Animation of diamond cubic
crystal structure
Screen shot of virtual reality variant in 3D Animation of virtual variant
Animation of diamond cubic crystal structure
By MarinaVladivostok Own work Link Virtual reality variants: vrml/wrl; x3d.

Another approach to representation of the dyamic coherence of a form of 8-fold uncertainty is by use of the four traditional depictions of the pattern of 8x8 hexagrams of the I Ching (Fu Xi pattern, Jing Fang pattern, King Wen pattern, and Mawangdui pattern), as discussed separately (Towards a Periodic Table of Ways of Knowing -- in the light of metaphors of mathematics, 2009). The alternation between these configurations is then suggestive of the fluidity of the cognitive dynamic -- possibility recalling the resonance hybrid integrity fundamental to molecular biology and life.

Animations suggestive of cognitive fluidity -- and 8-fold uncertainty
Alternation between four traditional patterns of 64 hexagrams
Animation suggestive of cognitive fluidity -- and 8-fold uncertainty Animation suggestive of cognitive fluidity -- and 8-fold uncertainty

Hyperreality vs.
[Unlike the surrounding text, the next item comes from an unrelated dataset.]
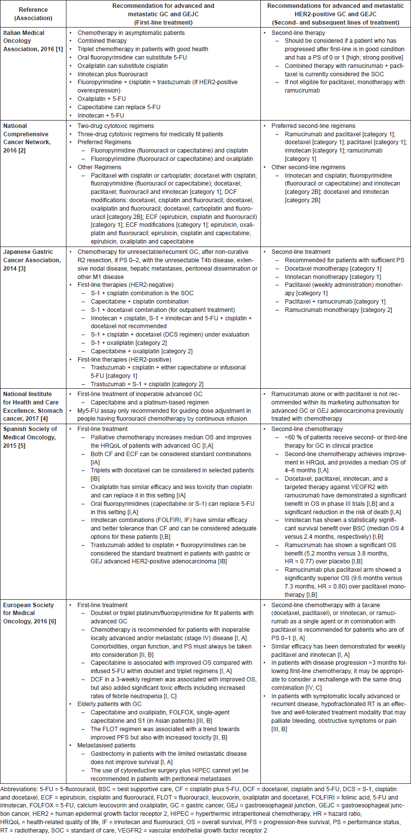 Six guidelines (Europe, Italy, Japan, Spain, UK and the US) provide recommendations for first-line therapy for advanced and metastatic GC and GEJC [3, 47, 5658, 60]. Chemotherapy is the recommended first-line therapy for advanced GC and GEJC but there is no consensus among the available guidelines on the specific regimen that should be used (Table S1 and S2 in Supplement). The US [60] and Japanese [57] guidelines recommend doublet over triplet chemotherapy to reduce toxicity and indicate that triplet therapy be used only in fit patients who have frequent access to toxicity screenings. The US guidelines recommend a regimen with a 5-Fluorouracil (5-FU) or capecitabine and either cisplatin or oxaliplatin, whereas the Japanese guidelines recommend a regimen of S-1 and cisplatin as the first choice, followed by the combination of capecitabine and cisplatin. The European guidelines [3] recommend both doublet and triplet protocols, and favour EOX (epirubicin, oxaliplatin and capecitabine) over ECF (epirubicin, cisplatin and fluorouracil) and capecitabine over infused 5-FU due to better overall survival. For the management of HER2-positive GC and GEJC, all guidelines recommend adding trastuzumab to first-line chemotherapy regimens, which commonly include cisplatin and a fluoropyrimidine [56, 58, 60]. Second lines of chemotherapy include the same regimens for GC and GEJC and are generally based on the patients’ condition. The preferred regimen for second-line treatment is ramucirumab plus paclitaxel, or ramucirumab monotherapy if the patient is not eligible for paclitaxel (Table S2 in Supplement) [3, 10, 5658]. A PD-1 inhibitor has recently been approved as third-line or higher therapy for GC/GEJC patients in the US [61].

Surreality? Whereas the condition of global civilization is readily characterized as chaotic, inviting a degree of exploration in terms of chaos theory, less evident are the insights required to address the condition of governance faced with such chaos -- readily experienced as surreal. One feature of the renderings of the Mandelbrot set, which have evoked extensive commentary, are its hyperbolic componenents. Arguably, in calling upon some understanding of "hyper", as in hyperdimensional, possibilities appropriate to a surreal condition may be suggested (M.S. El Naschie, Hyperdimensional Geometry and the Nature of Physical Spacetime, Chaos, Solitons and Fractals, 10, 1999, 1).
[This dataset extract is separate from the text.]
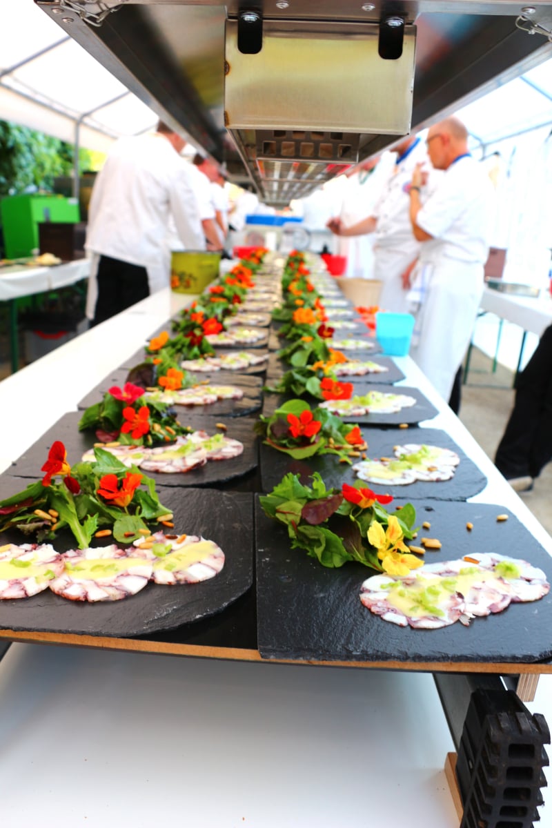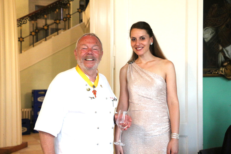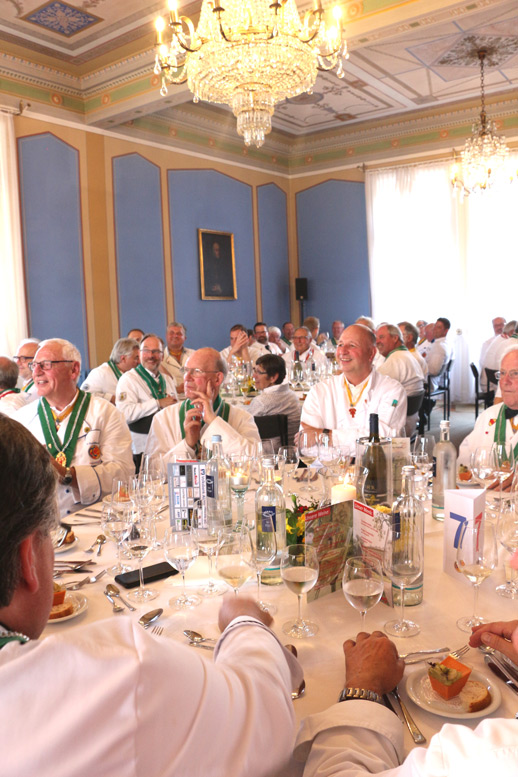 Hier besonders hervorzuheben muss man GMdC Wilfried Neudecker „Soßen Willi“, der ebenso wie LK GMdC Dr. Herbert Geipert, ganze Gänge vorbereitete. Wer glaubt, dass das schon alles ist, wird eines Besseren belehrt: Bernd ruft zum Eintreten in die Festräume, wieder sitzen Kapitel und Großkapitel in bunter Reihe mit Sponsoren und Kochbrüdern. Und hier werden für über 100 Personen 5 Gänge auf hohem Niveau, dazu Spitzenweine – darunter „Große Gewächse“ – organisiert von Chuchileiter Bruder Hans und gestiftet von regionalen Winzern perfekt serviert. Zusammen mit dem Schirmherren, Oberbürgermeister Michael Kissel, erlebten Brüder und Gäste neben dem fulminanten Menü ein buntes Programm.

In semiotics and postmodernism, hyperreality is recognized as an inability of consciousness to distinguish reality from a simulation of reality, especially in technologically advanced postmodern societies (Umberto Eco, Travels in Hyperreality, 1975). It is seen as a condition in which what is real and what is fiction are seamlessly blended together so that there is no clear distinction between where one ends and the other begins. It allows the co-mingling of physical reality with virtual reality (VR) and human intelligence with artificial intelligence (AI) (Hyperaction through Hypercomprehension and Hyperdrive: necessary complement to proliferation of hypermedia in hypersociety, 2006; Engaging with Hyperreality through Demonique and Angelique? Mnemonic clues to global governance from mathematical theology and hyperbolic tessellation, 2016).